Duncan met her gaze and shook his head. “The hair suggests forty and up, but that’s not very precise.”

“He moves like he’s older,” she said. She scowled, not knowing why she thought that. There was nothing she could put her finger on to explain it.

Duncan nodded. “I agree. There’s a bit of a stiffness to his stride that suggests age. But it could easily be a past injury that slows his walk.”

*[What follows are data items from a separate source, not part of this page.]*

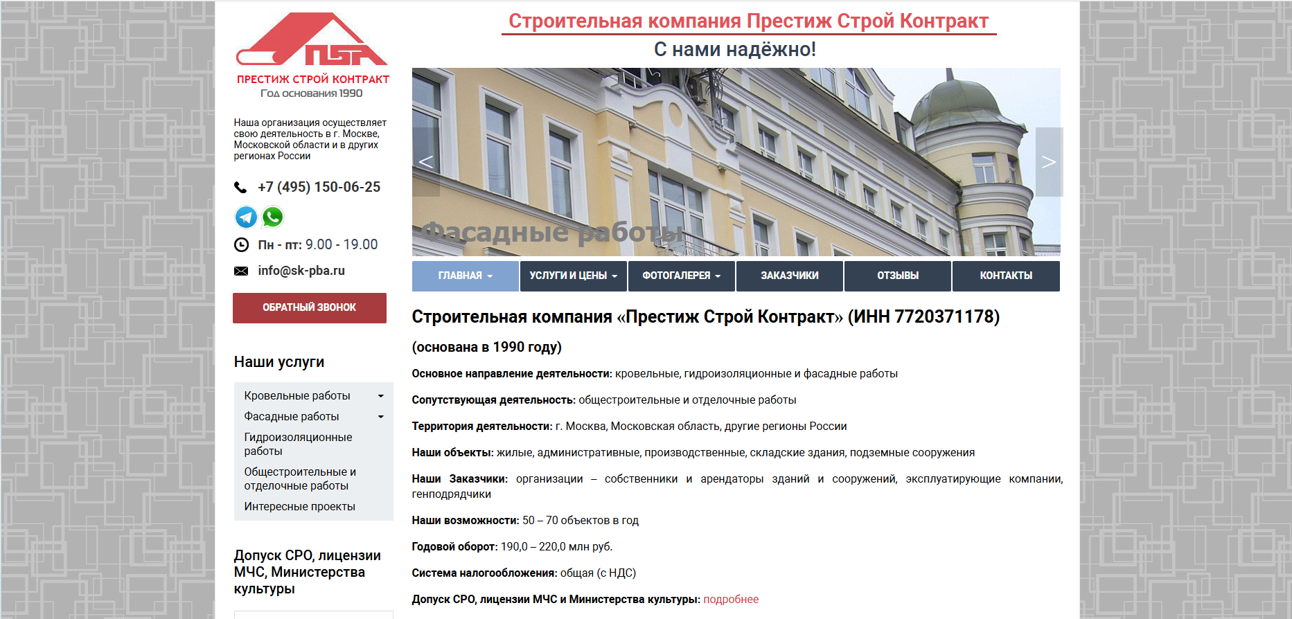 Компания «Престиж Строй Контракт» работает на строительном рынке с 1991 года и специализируется на ремонте кровли и фасадов крупных объектов площадью от 300 м². За десятилетия успешной деятельности компания заслужила репутацию надежного подрядчика, которому доверяют как частные заказчики, так и организации.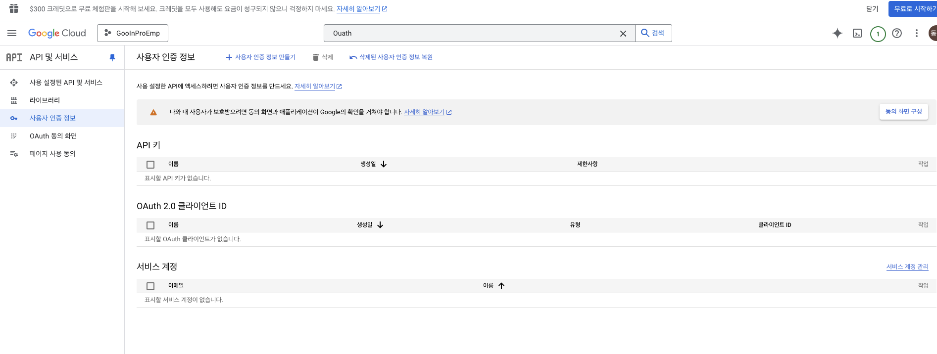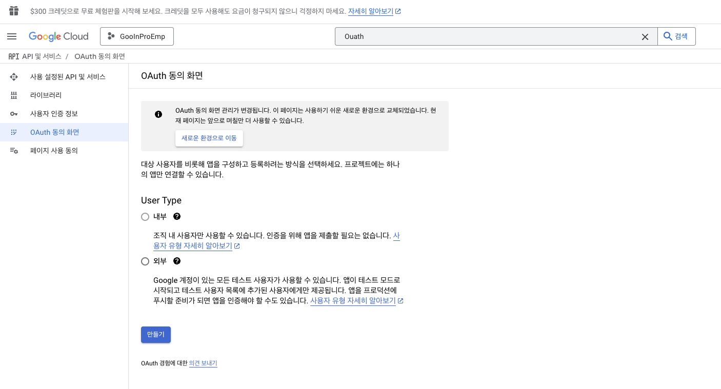 - 검색창에 Oauth검색하여 Oauth동의화면 선택, 외부선택후 만들기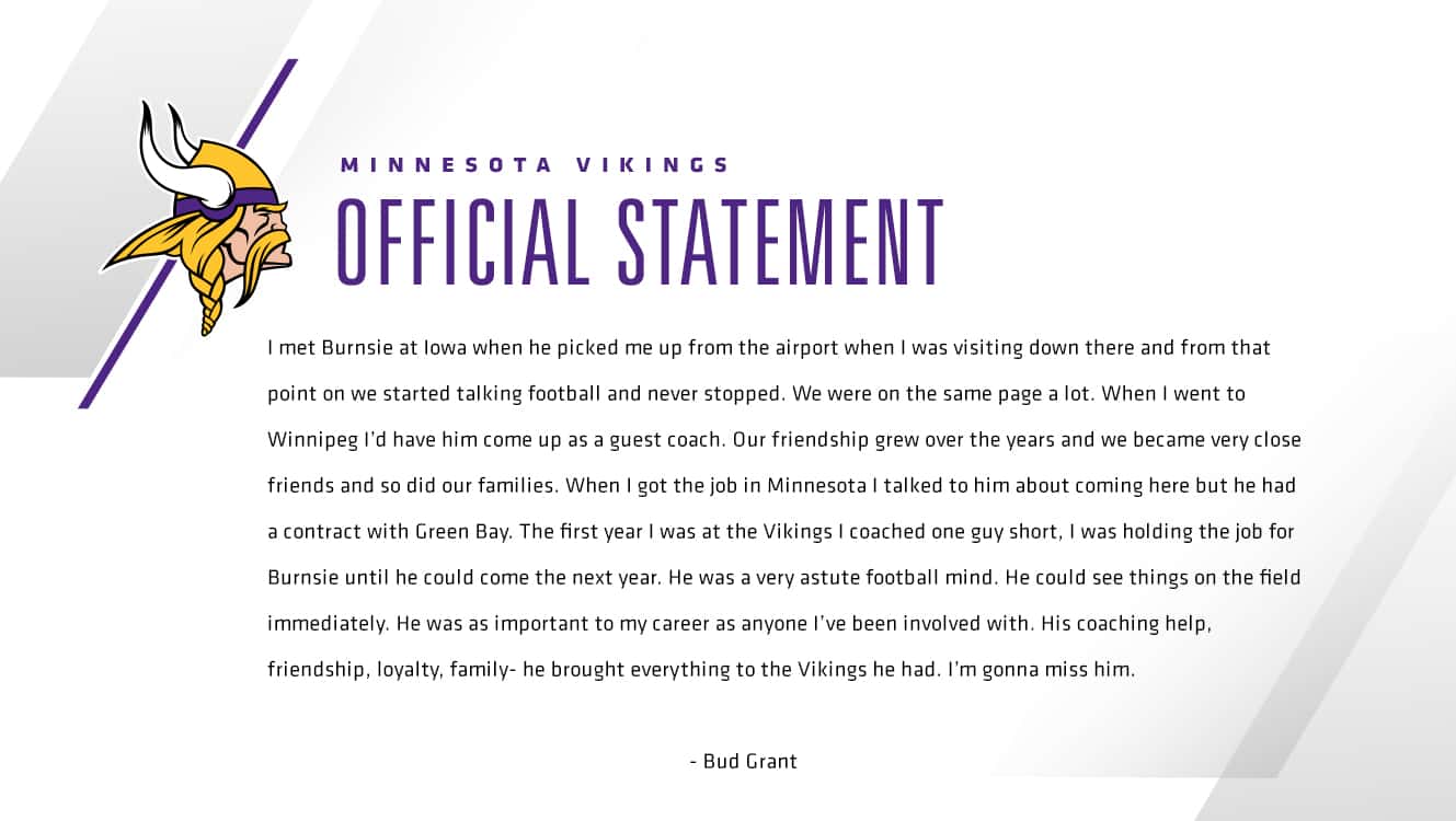 Hall of Fame Head Coach and fellow Vikings Ring of Honor member Bud Grant enjoyed a deep relationship with Burns that extended before and after their time together on the Vikings sidelines. Following Burns's death Grant issued the following statement: "I met 'Burnsie' at Iowa when he picked me up from the airport when I was visiting down there, and from that point on, we started talking football and never stopped. We were on the same page a lot. When I went to Winnipeg, I'd have him come up as a guest coach. Our friendship grew over the years, and we became very close friends and so did our families. When I got the job in Minnesota, I talked to him about coming here, but he had a contract with Green Bay. The first year I was at the Vikings, I coached one guy short. I was holding the job for 'Burnsie' until he could come the next year. He was a very astute football mind. He could see things on the field immediately. He was as important to my career as anyone I've been involved with. His coaching help, friendship, loyalty, family — he brought everything to the Vikings he had. I'm gonna miss him."

“And the way he pulled the suitcase off the carousel makes him look older,” offered a Clackamas County deputy. “He pulled with his whole body, not just using his arm strength like a younger guy would, you know?” Several of the other agents nodded in agreement. Sanford ran the clip again, and Ava saw what the cop meant. The man didn’t simply lift the bag off the carousel, he lunged with it, using his body to lift and pull its weight.

“Also, there’s no video of him before he entered the luggage area, and nothing on the parking garage tapes,” stated Sanford.